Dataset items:
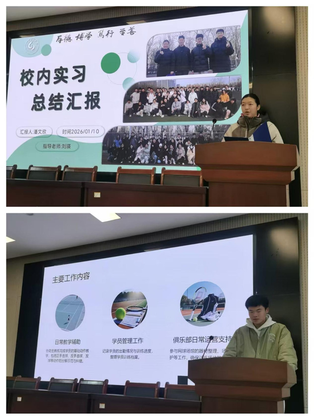 随后,七位优秀实习生代表依次登台分享实习成果。潘文欣立足校内健美操助教岗位,深化了对体育教学的理解;刘子琰融合多专项技能设计训练方案,诠释“体医融合”内涵;孙子豪全程参与马拉松赛事运营,在应急处理中积累实战经验;陈军面向零基础社会学员开展足球教学,展现出色的教学适应能力;周颂扎根乡村小学,自制教具、组建兴趣小组,带领跳绳队斩获区级奖项;李宇泰在足球俱乐部搭建球员评估体系,用专业建议降低球队伤病率;辛美琪则在篮球俱乐部策划公益项目,让职业体育彰显社会责任。实习生们在分享收获的同时,也剖析了问题不足并提出改进方向。
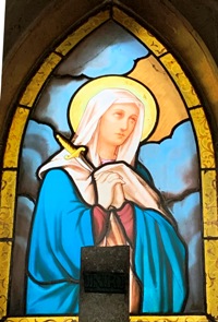 suites du COVID 19. Il repose sous une très belle fresque peinte.
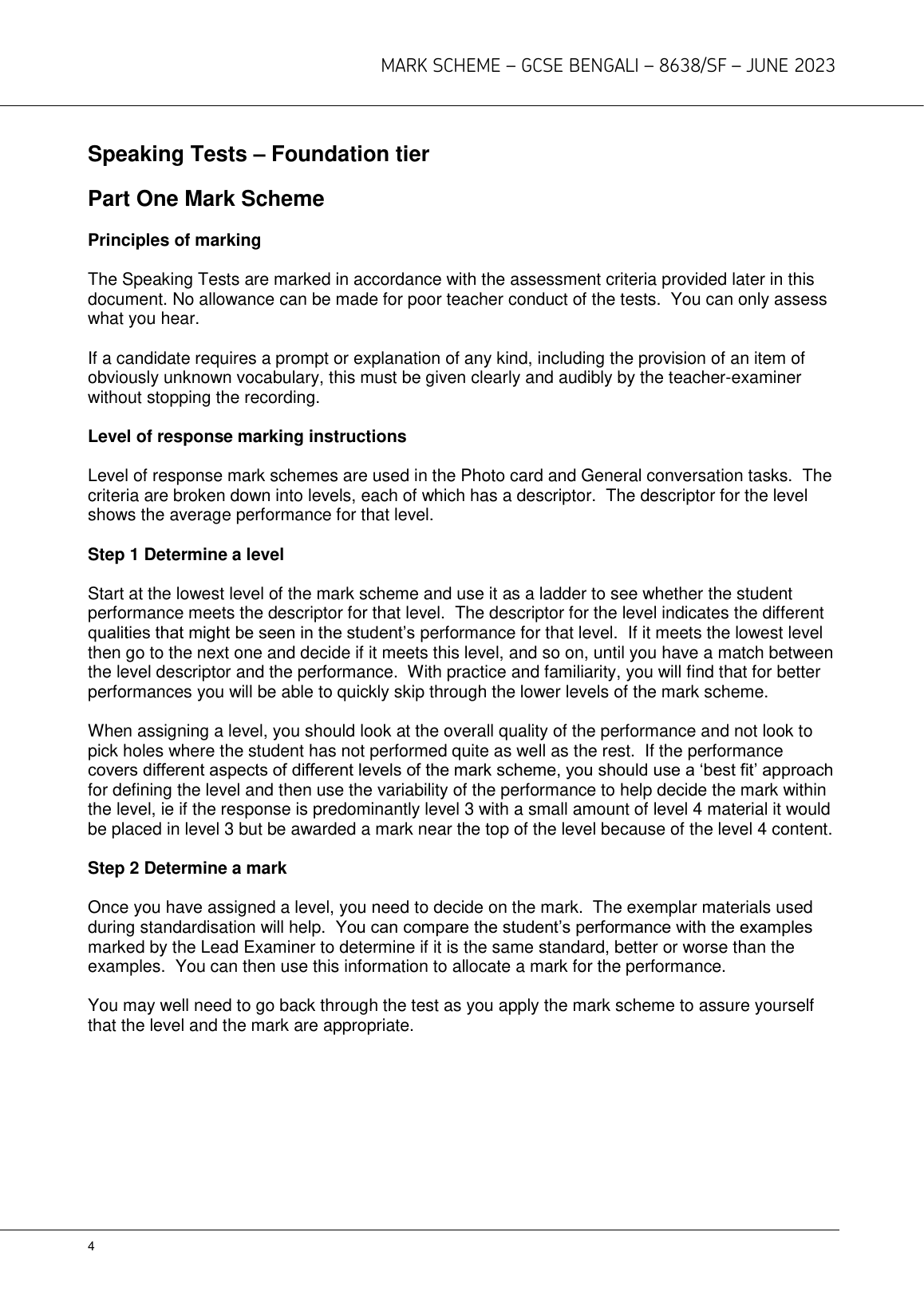 AQA GCSE BENGALI PAPER 2 MARK SCHEME 2023 (8638/SF: Speaking Foundation)
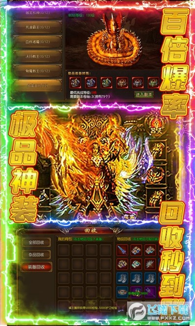 3、最强福利:充值比例1:10000,首充双倍、极品装备套装、海量资源任意送!
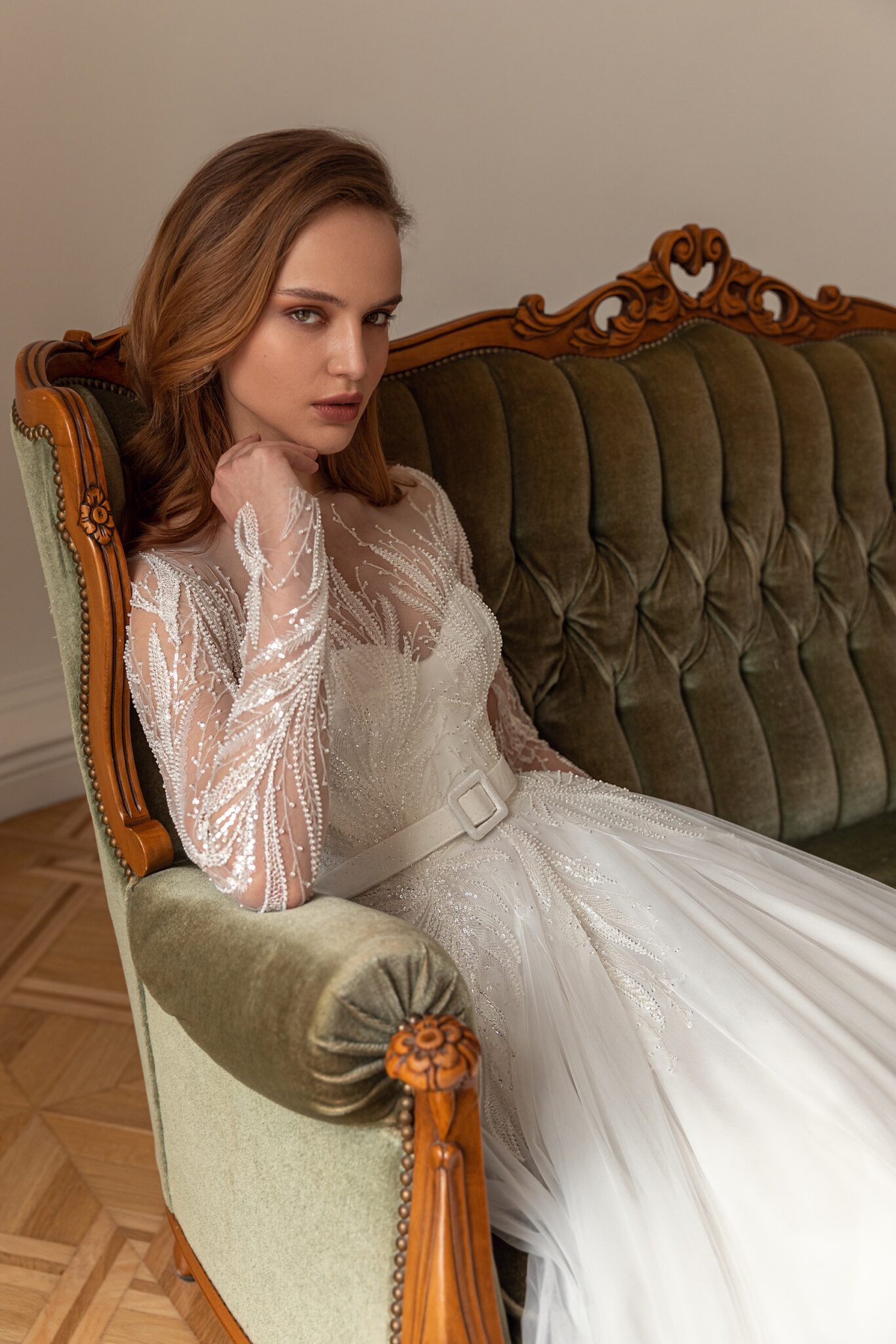 Less is more 2022Sabrina is a stunning A-line wedding gown with a long train. A dress is made of veiling with lace decorations. The corset is entirely embroidered with beads and spangles. It is embellished with heart-shaped low neck covered with embroidered lace. The tender long transparent sleeves are all embroidered with beads and crystals with floral pattern. A skirt is made of the same shining fabric and veiling. It goes into a long train.
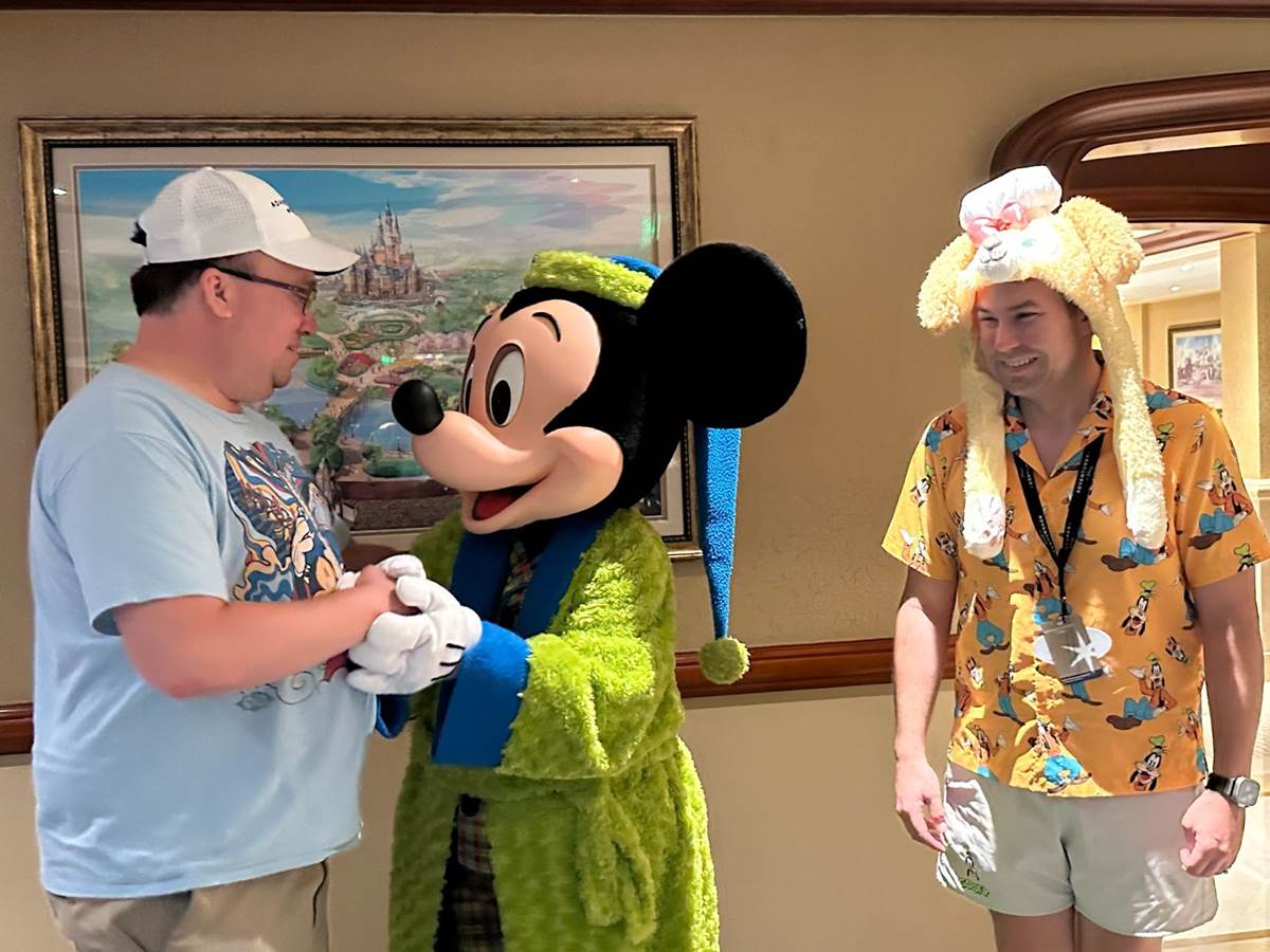 Back at the hotel, a reception was set up in the Magic Kingdom Club, with lots of snacks and desserts available. It was a perfect place to watch ILLUMINATE! A Nighttime Celebration, the nighttime fireworks spectacular. And the day ended with Mickey Mouse making a sleepy appearance in his pajamas.
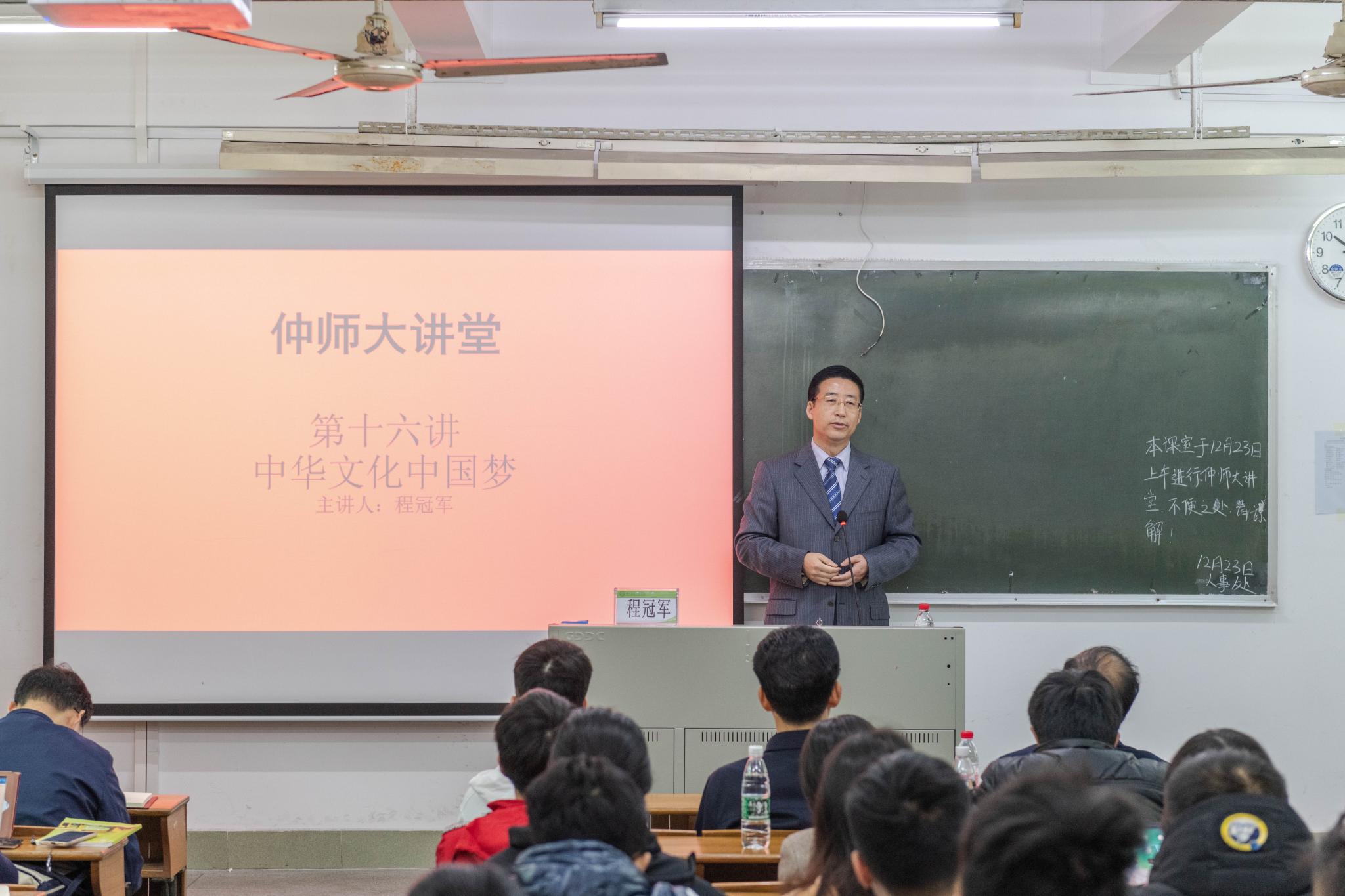 12月23日上午,学校在海珠校区教学楼403举行仲师大讲堂第十五讲主题报告,报告邀请了中国领导科学研究会副秘书长、中国领导网执行总编辑,中国作家协会会员,资深媒体人,知名文化学者程冠军副秘书长作为主讲嘉宾。报告会由学校党委教师工作部、人事处主办,马克思主义学院承办。《中国领导科学》杂志社社长助理郑国材、主任邵军出席了报告会。学校党委教师工作部部长、人事处处长唐明勇主持。

◆ Problem description ◆
Transcribe exactly the span of lines that opens with the line holding "Back at the" and closes with the last line of the entries above. Omit pictures.

◆ Problem solution ◆
 Back at the hotel, a reception was set up in the Magic Kingdom Club, with lots of snacks and desserts available. It was a perfect place to watch ILLUMINATE! A Nighttime Celebration, the nighttime fireworks spectacular. And the day ended with Mickey Mouse making a sleepy appearance in his pajamas.
 12月23日上午,学校在海珠校区教学楼403举行仲师大讲堂第十五讲主题报告,报告邀请了中国领导科学研究会副秘书长、中国领导网执行总编辑,中国作家协会会员,资深媒体人,知名文化学者程冠军副秘书长作为主讲嘉宾。报告会由学校党委教师工作部、人事处主办,马克思主义学院承办。《中国领导科学》杂志社社长助理郑国材、主任邵军出席了报告会。学校党委教师工作部部长、人事处处长唐明勇主持。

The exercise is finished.